Blog entries tagged with "failure"

Even more failed fans

Friday, October 19th, 2007 at 7:46 pm

After the failure of the rear 120mm fan in preston I ordered two replacement fans. One as a replacement and another as a spare.

But where did I get them? Initially I was looking at the site for a Melbourne based supplier of PC modding gear. The cheapest ‘low noise’ fan they has was AU$15.90, but postage was another AU$10. On the site for a popular Sydney based PC parts dealer a similar fan was at a similar price of AU$15.40. But that included postage. It should be obvious which one I went with.

Now, it was when I was installing the new fan that I noticed that the two fans in the power supply had also failed. For most of the week the only fans operating in the case were the front 120mm (low flow) and the CPU fan. I had been wondering where the hot component smell was still coming from.

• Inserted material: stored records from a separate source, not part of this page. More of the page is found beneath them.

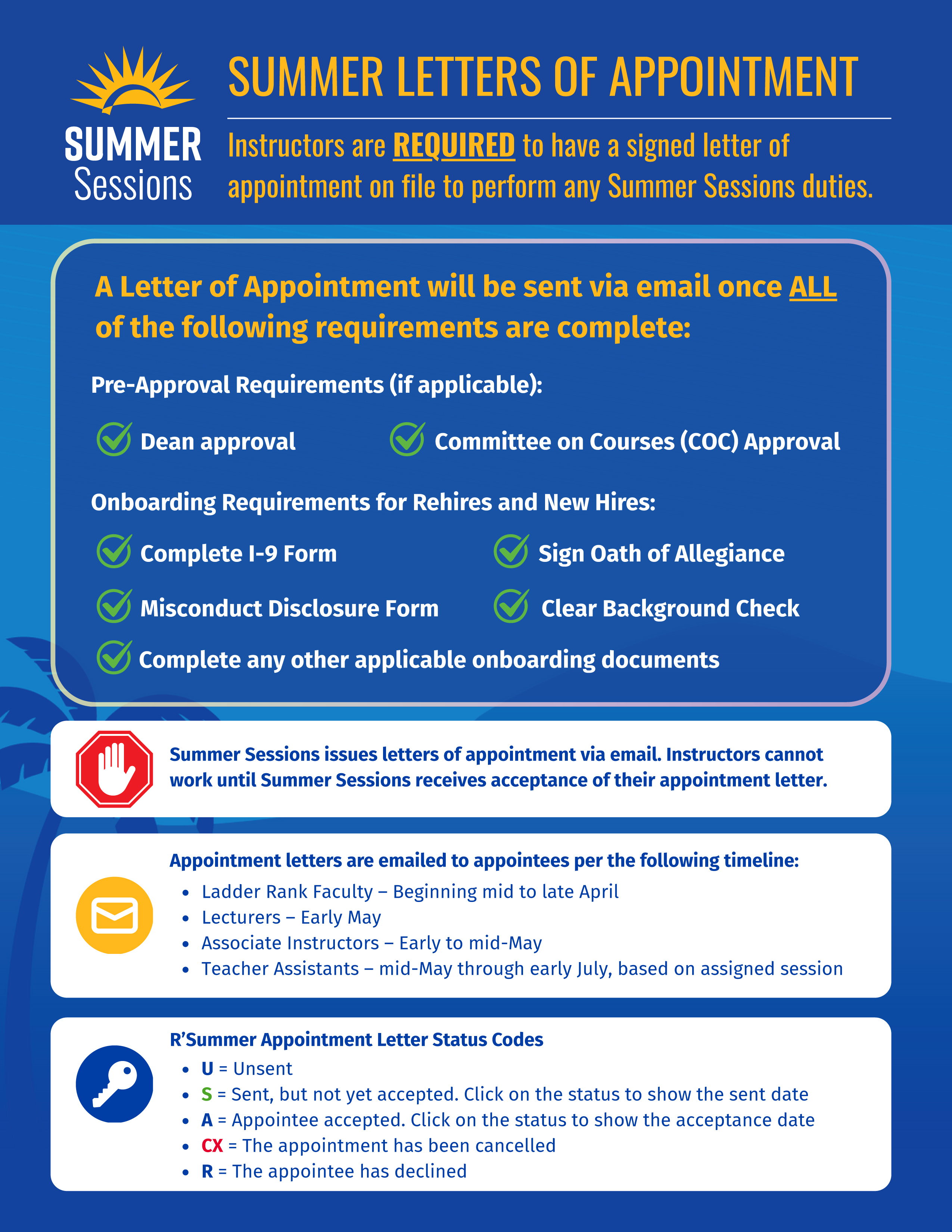 Infographic containing information about summer appointment letters
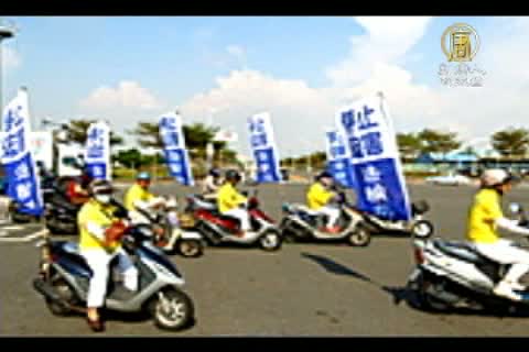 【新唐人亞太台2010年9月24日訊】湖北省委副書記楊松,上午原訂要參觀台南一家知名企業,但又臨時取消,前往高雄夢時代購物廣場,從圖片中可以看到,高雄夢時代前的時代大道,當時是下午一點半,法輪功學員拉開約20米長,寫著「停止迫害、江澤民等被起訴」的橫幅。人在高雄的楊松,也並沒有按照預定參訪行程,只在夢時代停留約半小時,當楊松的座車離開時,法輪功學員舉著「楊松人權惡棍 台灣不歡迎你」的看板。至於楊松被刑告殘害人群罪,上午也有新的進展,高檢署已經分案辦理。
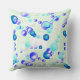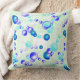 Dit werpkussen cadeaus een abstracte weergave van bubbels tegen een wit doek met een neon-cyaan vierkante lijn overlay, het creëren van een boeiende visualisatie.
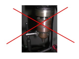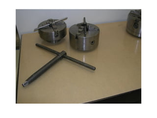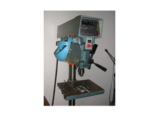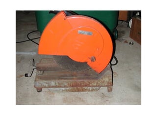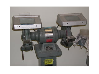 2) It details safe practices for using various hand tools, power tools, and stationary machinery, emphasizing inspection, protective gear, speeds/feeds, and secure workholding.
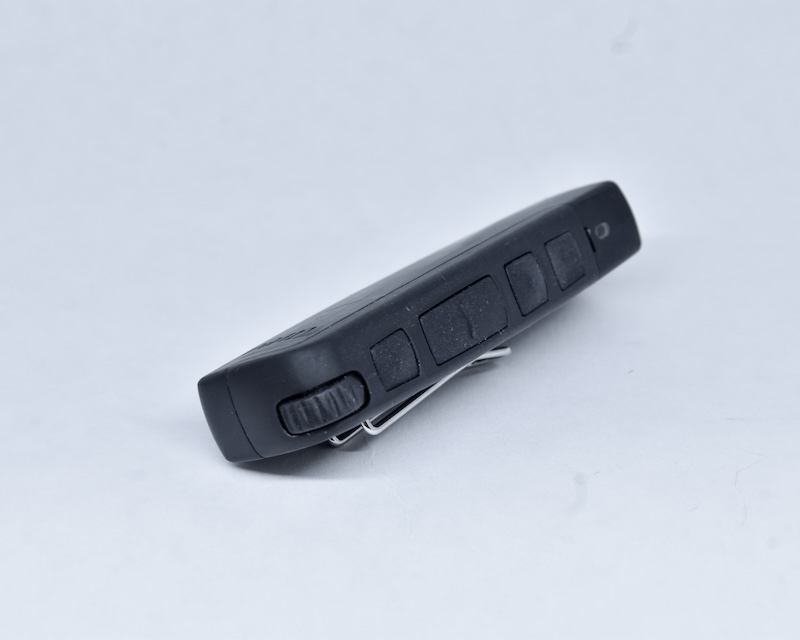 The play & pause button is the top-most key on the BlueLink – right under the volume wheel
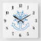 Nautical ship wheel and anchor square wall clock
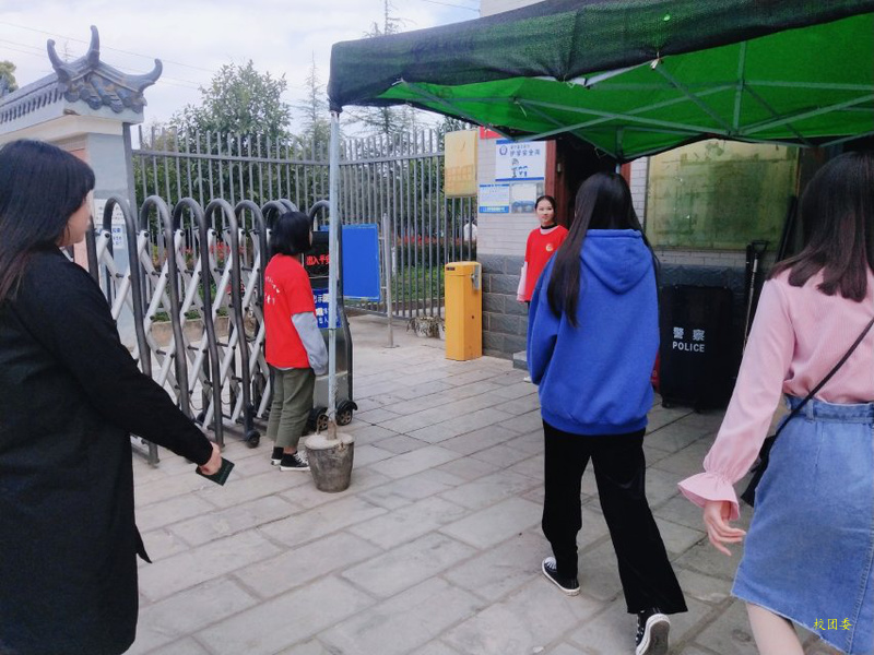 (志愿者在校门处提醒同学携带学生证)

So what to do? With a working rear 120mm fan enough air is drawn through the power supply to keep it cool. But this could be an opportunity to replace it with one that has removable cables that would reduce the clutter inside the case.

Tagged with: , ,

More fan failures

Sunday, October 14th, 2007 at 5:38 pm

Following on from the failure of the fan in my UPS I discovered that the 120mm fan in the back of preston has also failed. Considering that I got this fan along with a bunch of other random parts a long time ago (ie I didn’t get it new) it is actually surprising that it has lasted this long.

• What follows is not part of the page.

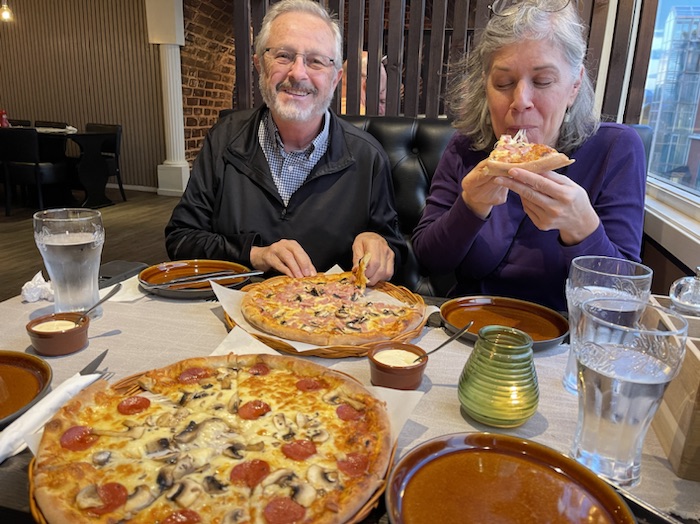 We played some cards in the bar on the top floor of the hotel. Later we had a pizza for dinner at a nearby restaurant.

Digging through the cupboard I found another fan that it was a simple matter to swap with the failed one. I also took the opportunity to clean the 120mm fan and filter that is on the front of the case. It was almost solid with dust that had been accumulated over the past year.

One of the many things that has been on my list (only in my head, I should really give Hiveminder another go) was to give the system a once over in regards to dust and cooling. Right now I’m going to order some new (quite) fans and possibly a fanbus for greater control.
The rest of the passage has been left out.